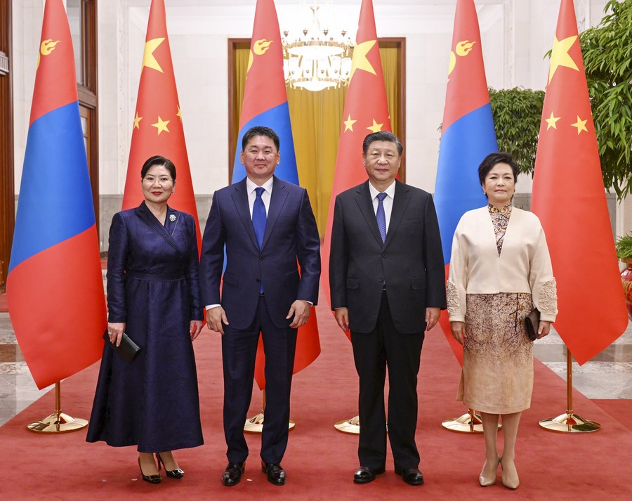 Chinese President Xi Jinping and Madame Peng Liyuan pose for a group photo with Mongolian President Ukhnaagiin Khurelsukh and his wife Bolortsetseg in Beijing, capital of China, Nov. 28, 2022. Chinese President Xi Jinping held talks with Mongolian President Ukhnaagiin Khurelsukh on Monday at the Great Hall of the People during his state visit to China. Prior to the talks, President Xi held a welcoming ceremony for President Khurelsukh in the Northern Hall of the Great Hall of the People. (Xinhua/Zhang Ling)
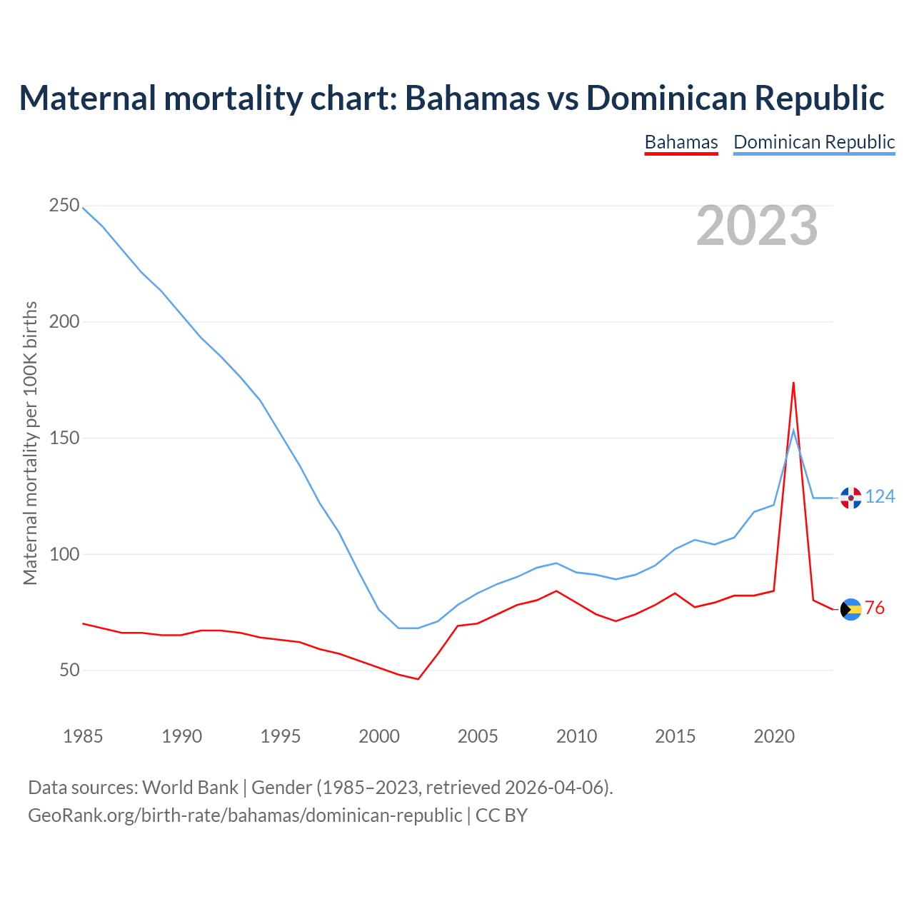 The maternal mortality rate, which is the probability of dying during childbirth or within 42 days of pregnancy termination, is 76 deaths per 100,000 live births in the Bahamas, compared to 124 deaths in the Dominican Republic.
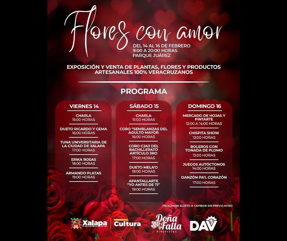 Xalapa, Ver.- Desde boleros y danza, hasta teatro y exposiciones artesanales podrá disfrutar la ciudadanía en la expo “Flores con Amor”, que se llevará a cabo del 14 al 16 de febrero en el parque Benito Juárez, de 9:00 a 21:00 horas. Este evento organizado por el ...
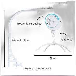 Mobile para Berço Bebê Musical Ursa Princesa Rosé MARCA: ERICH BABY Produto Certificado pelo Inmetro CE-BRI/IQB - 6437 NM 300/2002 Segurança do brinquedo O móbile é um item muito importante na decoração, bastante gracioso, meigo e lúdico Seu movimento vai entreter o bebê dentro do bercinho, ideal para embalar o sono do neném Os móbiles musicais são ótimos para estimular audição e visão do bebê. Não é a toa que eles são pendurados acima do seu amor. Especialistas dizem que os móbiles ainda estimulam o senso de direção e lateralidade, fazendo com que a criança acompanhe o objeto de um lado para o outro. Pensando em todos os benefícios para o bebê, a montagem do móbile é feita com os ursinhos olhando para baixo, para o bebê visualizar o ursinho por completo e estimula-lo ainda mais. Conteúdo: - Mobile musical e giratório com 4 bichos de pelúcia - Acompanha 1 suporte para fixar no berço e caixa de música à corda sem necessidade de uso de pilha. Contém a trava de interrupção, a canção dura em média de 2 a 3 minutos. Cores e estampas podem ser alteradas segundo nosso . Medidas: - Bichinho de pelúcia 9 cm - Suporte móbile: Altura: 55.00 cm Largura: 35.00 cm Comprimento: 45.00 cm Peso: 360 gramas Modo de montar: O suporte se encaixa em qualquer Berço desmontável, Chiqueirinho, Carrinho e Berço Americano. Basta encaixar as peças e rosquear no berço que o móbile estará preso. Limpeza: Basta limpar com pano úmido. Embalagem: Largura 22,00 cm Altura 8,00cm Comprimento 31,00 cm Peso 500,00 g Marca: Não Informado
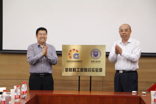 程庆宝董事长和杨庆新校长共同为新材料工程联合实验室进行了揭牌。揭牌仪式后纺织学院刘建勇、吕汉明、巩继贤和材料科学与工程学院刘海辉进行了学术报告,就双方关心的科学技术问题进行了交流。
**********
Exercise>
The material above should be repeated word for word, with every picture omitted.

Reply to the task>
 Chinese President Xi Jinping and Madame Peng Liyuan pose for a group photo with Mongolian President Ukhnaagiin Khurelsukh and his wife Bolortsetseg in Beijing, capital of China, Nov. 28, 2022. Chinese President Xi Jinping held talks with Mongolian President Ukhnaagiin Khurelsukh on Monday at the Great Hall of the People during his state visit to China. Prior to the talks, President Xi held a welcoming ceremony for President Khurelsukh in the Northern Hall of the Great Hall of the People. (Xinhua/Zhang Ling)
 The maternal mortality rate, which is the probability of dying during childbirth or within 42 days of pregnancy termination, is 76 deaths per 100,000 live births in the Bahamas, compared to 124 deaths in the Dominican Republic.
 Xalapa, Ver.- Desde boleros y danza, hasta teatro y exposiciones artesanales podrá disfrutar la ciudadanía en la expo “Flores con Amor”, que se llevará a cabo del 14 al 16 de febrero en el parque Benito Juárez, de 9:00 a 21:00 horas. Este evento organizado por el ...
 Mobile para Berço Bebê Musical Ursa Princesa Rosé MARCA: ERICH BABY Produto Certificado pelo Inmetro CE-BRI/IQB - 6437 NM 300/2002 Segurança do brinquedo O móbile é um item muito importante na decoração, bastante gracioso, meigo e lúdico Seu movimento vai entreter o bebê dentro do bercinho, ideal para embalar o sono do neném Os móbiles musicais são ótimos para estimular audição e visão do bebê. Não é a toa que eles são pendurados acima do seu amor. Especialistas dizem que os móbiles ainda estimulam o senso de direção e lateralidade, fazendo com que a criança acompanhe o objeto de um lado para o outro. Pensando em todos os benefícios para o bebê, a montagem do móbile é feita com os ursinhos olhando para baixo, para o bebê visualizar o ursinho por completo e estimula-lo ainda mais. Conteúdo: - Mobile musical e giratório com 4 bichos de pelúcia - Acompanha 1 suporte para fixar no berço e caixa de música à corda sem necessidade de uso de pilha. Contém a trava de interrupção, a canção dura em média de 2 a 3 minutos. Cores e estampas podem ser alteradas segundo nosso . Medidas: - Bichinho de pelúcia 9 cm - Suporte móbile: Altura: 55.00 cm Largura: 35.00 cm Comprimento: 45.00 cm Peso: 360 gramas Modo de montar: O suporte se encaixa em qualquer Berço desmontável, Chiqueirinho, Carrinho e Berço Americano. Basta encaixar as peças e rosquear no berço que o móbile estará preso. Limpeza: Basta limpar com pano úmido. Embalagem: Largura 22,00 cm Altura 8,00cm Comprimento 31,00 cm Peso 500,00 g Marca: Não Informado
 程庆宝董事长和杨庆新校长共同为新材料工程联合实验室进行了揭牌。揭牌仪式后纺织学院刘建勇、吕汉明、巩继贤和材料科学与工程学院刘海辉进行了学术报告,就双方关心的科学技术问题进行了交流。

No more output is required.